**Aim of the task**. Find the line containing "Exoctic bird reside" in the material below, then please transcribe it and each line after it exactly, without the pictures.

**Input for this task**.
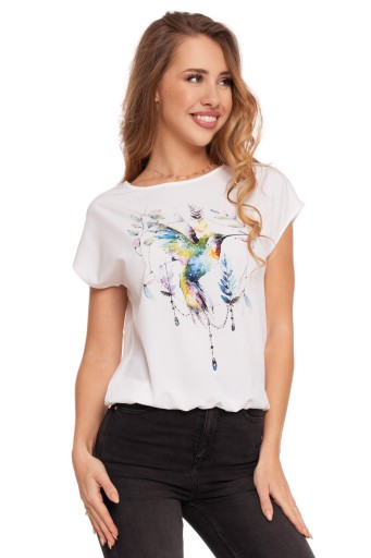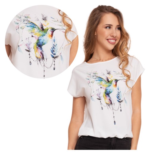 Największym atutem tej bluzki jest przyciągający wzrok nadruk kolibra, który jest nie tylko kolorowy, ale i bogato zdobiony błyszczącymi cyrkoniami, dodającymi całości luksusowego charakteru. Te lśniące akcenty delikatnie mienią się w świetle, co sprawia, że bluzka staje się centrum uwagi.
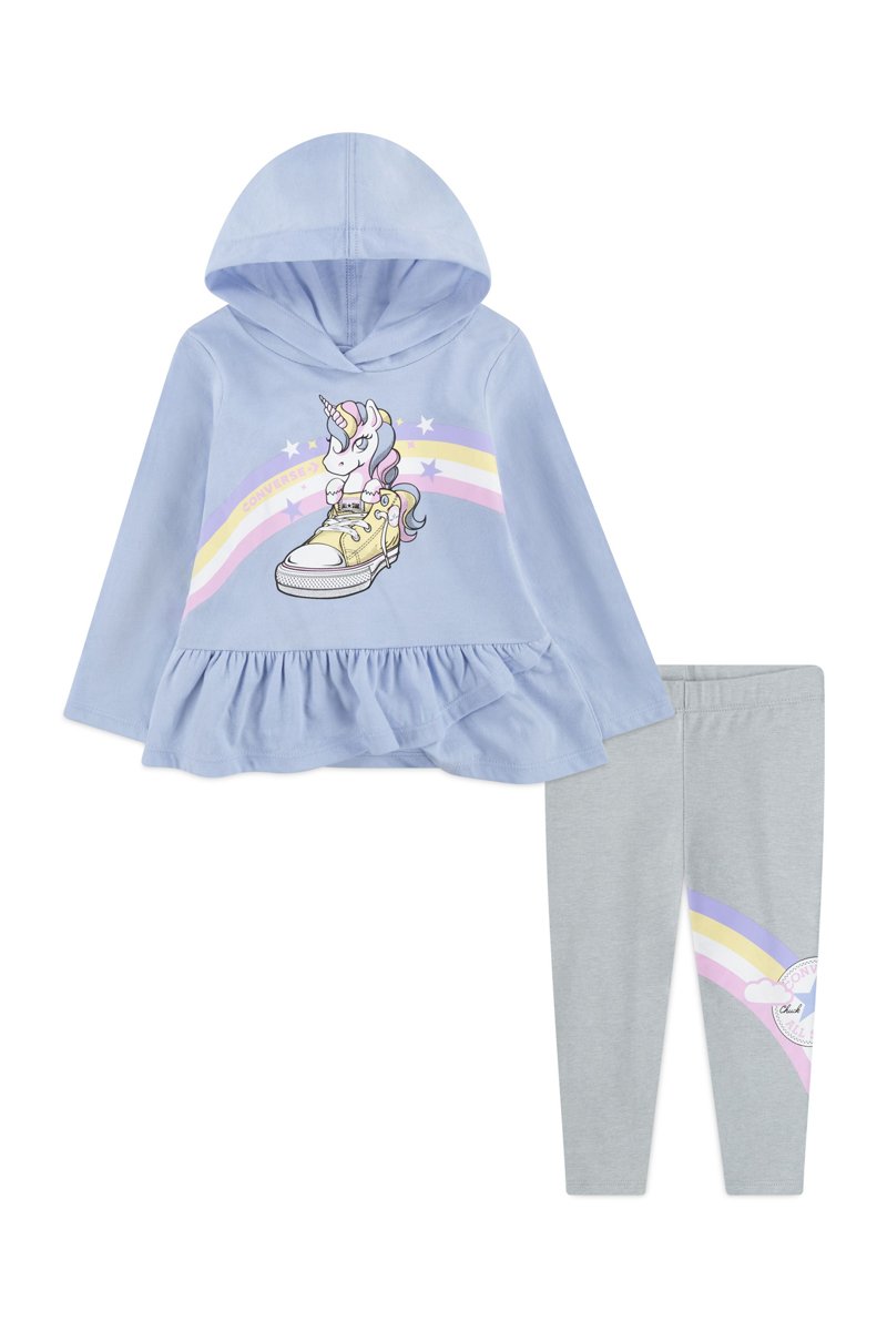 Sweat à capuche et legging - Bleu, rose et gris
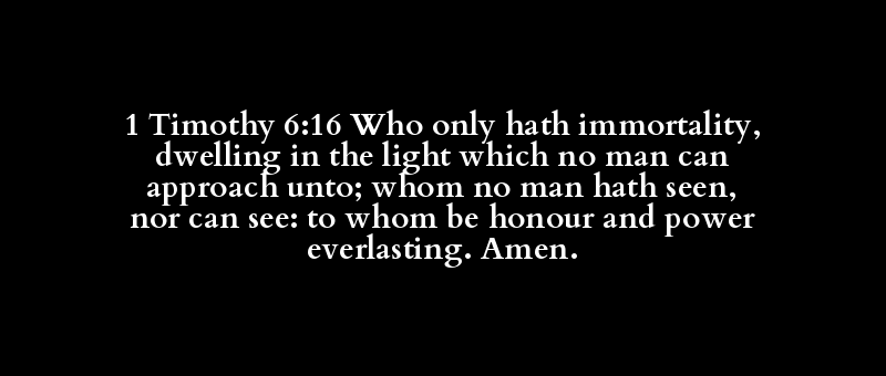 1 Timothy 6:16 Who only hath immortality, dwelling in the light which no man can approach unto; whom no man hath seen, nor can see: to whom be honour and power everlasting. Amen.
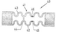 FIG. 4ashows a further embodiment of acomponent40 according to the present invention in which bellows-like structure41 is integrated into the deformation area. In this case, bellows-like structure41 is implemented in the form of two undulated connectingwebs42 and43, each having four loops, that connectfirst junction area15 tosecond junction area16. This component structure therefore does not have a reinforced central area, but is stabilized solely by anintermediate beam44. In this case as well, undulated connectingwebs42 and43 extend vertically across the entire thickness of the component structure.Piezoelectric resistors45 and46, which are positioned so that they undergo a change in resistance only in the presence of deformations perpendicular to the component structure, but not in the presence of lateral stresses in the component structure, are provided on thin connectingwebs42 and43. This arrangement is described in greater detail below on the basis ofFIGS. 4band4c.
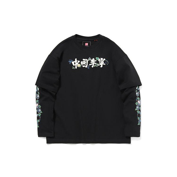 Li Ning AW21 Paris Fashion Week Series Повседневная свободная толстовка с длинным рукавом и круглым вырезом Мужская толстовка Стандарт-черный AHSQ631-3
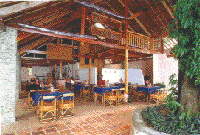 Exoctic bird reside near a cascading fresh waterfall - swimming pool, where a restaurant patron may enjoy a special rum drink and tostados, quesodillas or huevos Rancheros while overlooking the beauty of a reflected sunset and moon rise over Verde Island across the bay.
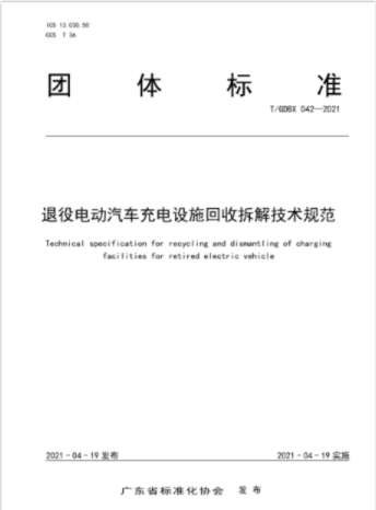 對(duì)此,4月19日,廣東省標(biāo)準(zhǔn)化協(xié)會(huì)發(fā)布團(tuán)體標(biāo)準(zhǔn)《退役電動(dòng)汽車充電設(shè)施回收拆解技術(shù)規(guī)范》(以下簡(jiǎn)稱“該團(tuán)標(biāo)”),為日漸增多的電動(dòng)汽車充電設(shè)施的回收拆解提供技術(shù)支撐。
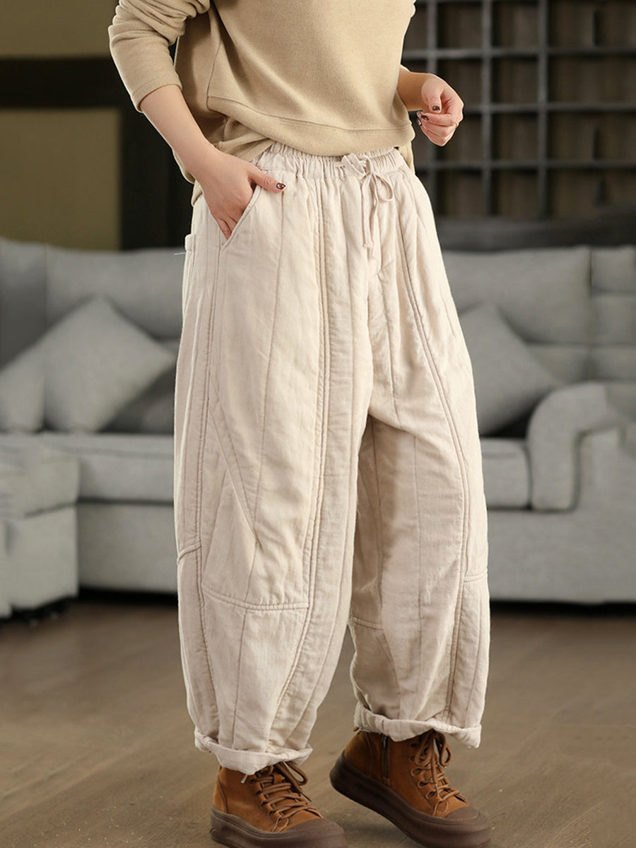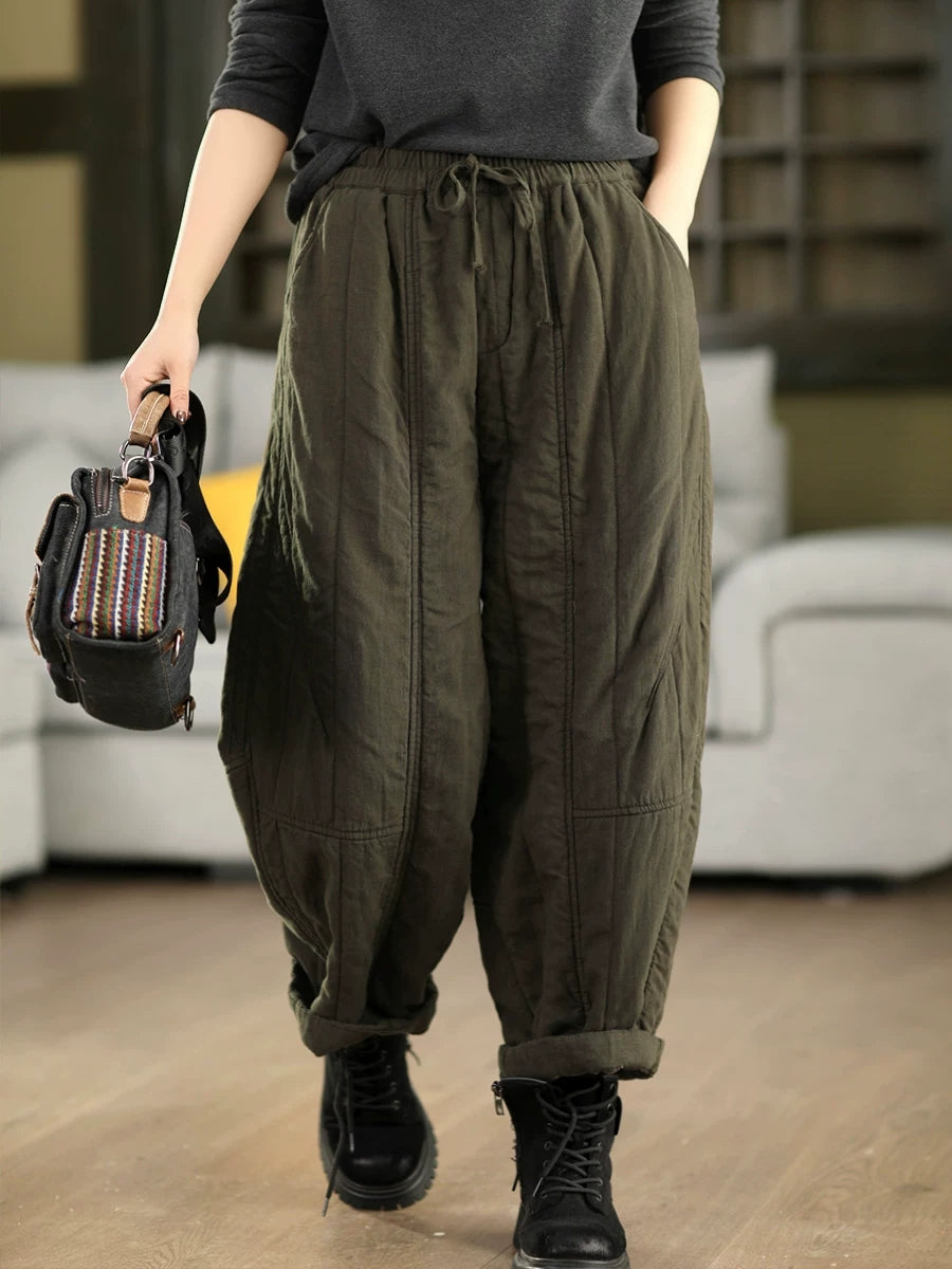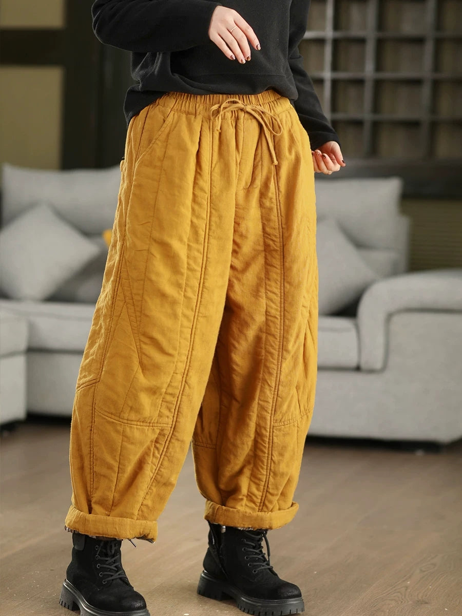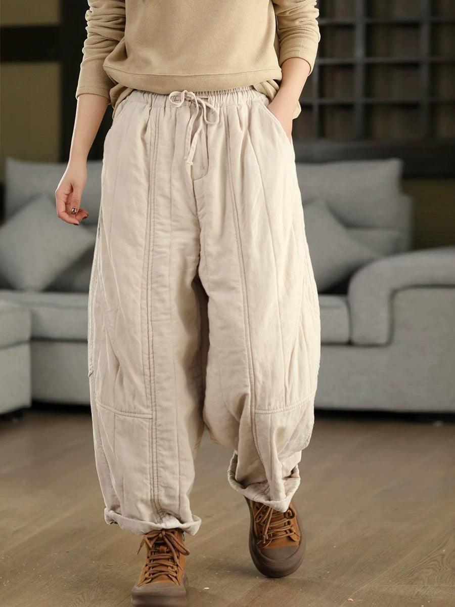 מכנסי הרמון מרופדים 100% פשתן לחורף לנשים
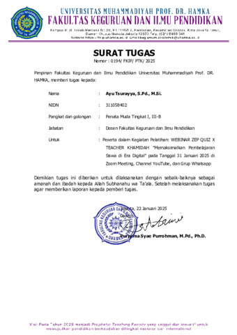 Tsurayya, Ayu Surat tugas dan sertifikat pelatihan ZEP QUIZ X Teacher Khamidah "Memaksimalkan Pembelajaran Siswa di Era Digital". Universitas Muhammadiyah Prof. DR. HAMKA. (Unpublished)

**Result**.
 Exoctic bird reside near a cascading fresh waterfall - swimming pool, where a restaurant patron may enjoy a special rum drink and tostados, quesodillas or huevos Rancheros while overlooking the beauty of a reflected sunset and moon rise over Verde Island across the bay.
 對(duì)此,4月19日,廣東省標(biāo)準(zhǔn)化協(xié)會(huì)發(fā)布團(tuán)體標(biāo)準(zhǔn)《退役電動(dòng)汽車充電設(shè)施回收拆解技術(shù)規(guī)范》(以下簡(jiǎn)稱“該團(tuán)標(biāo)”),為日漸增多的電動(dòng)汽車充電設(shè)施的回收拆解提供技術(shù)支撐。
 מכנסי הרמון מרופדים 100% פשתן לחורף לנשים
 Tsurayya, Ayu Surat tugas dan sertifikat pelatihan ZEP QUIZ X Teacher Khamidah "Memaksimalkan Pembelajaran Siswa di Era Digital". Universitas Muhammadiyah Prof. DR. HAMKA. (Unpublished)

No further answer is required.